The electrode for an electric double layer capacitor of the present invention can provide an electric double layer capacitor excellent in mechanical strength, low in internal resistance and excellent in voltage retention. In addition, because of its excellent mechanical strength, the amount of polytetrafluoroethylene fine powder added as a binder can be reduced, and the electric double layer capacitor can have high capacity and low resistance.

Claims (5)

[Claims] An electrode for an electric double layer capacitor comprising a carbonaceous material and a binder, wherein the binder can be melt-molded in an amount of 1 to 50% by weight based on polytetrafluoroethylene and polytetrafluoroethylene. An electrode for an electric double layer capacitor characterized by comprising a fluoropolymer resin. 2. The carbonaceous material has a specific surface area of 700 to 3000.
^{2. The} electrode for an electric double layer capacitor according to claim 1, comprising m ² / g of activated carbon and carbon black, wherein the carbon black is contained in the electrode in an amount of 5 to 20% by weight. 3. The electrode according to claim 1, wherein the carbonaceous material contains 1 to 50% by weight of polytetrafluoroethylene and 0.1 to 5% by weight of the fluoropolymer resin.

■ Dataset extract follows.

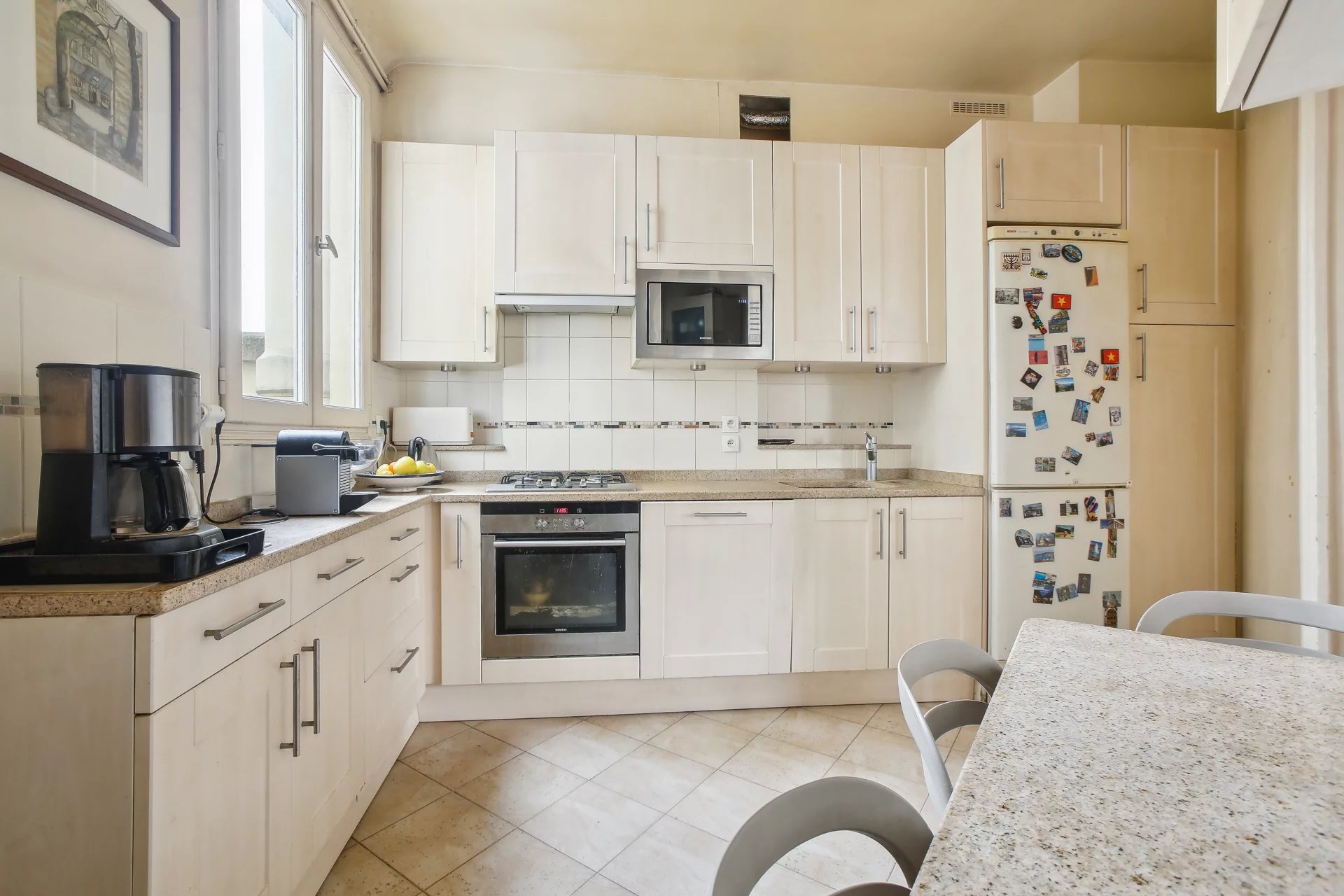 La partie nuit comprend quatre chambres lumineuses, une salle de bains, un WC indépendant et une buanderie. Cet appartement traversant, en excellent état, séduit par ses volumes généreux, sa hauteur sous plafond, et son agencement optimisé sans perte d’espace. Il allie charme et authenticité grâce à son parquet, ses moulures et ses cheminées. Une cave complète ce bien.

The electrode for an electric double layer capacitor according to the above. 4. The electrode for an electric double layer capacitor according to claim 1, wherein the fluorine-containing polymer is an ethylene / tetrafluoroethylene-based copolymer or a vinylidene fluoride-based polymer. 5. An electric double layer capacitor comprising a positive electrode and a negative electrode comprising an electrode containing a carbonaceous material and a binder, and an organic electrolytic solution, wherein the electrodes are formed.
Or an electric double-layer capacitor comprising the electrode according to 4.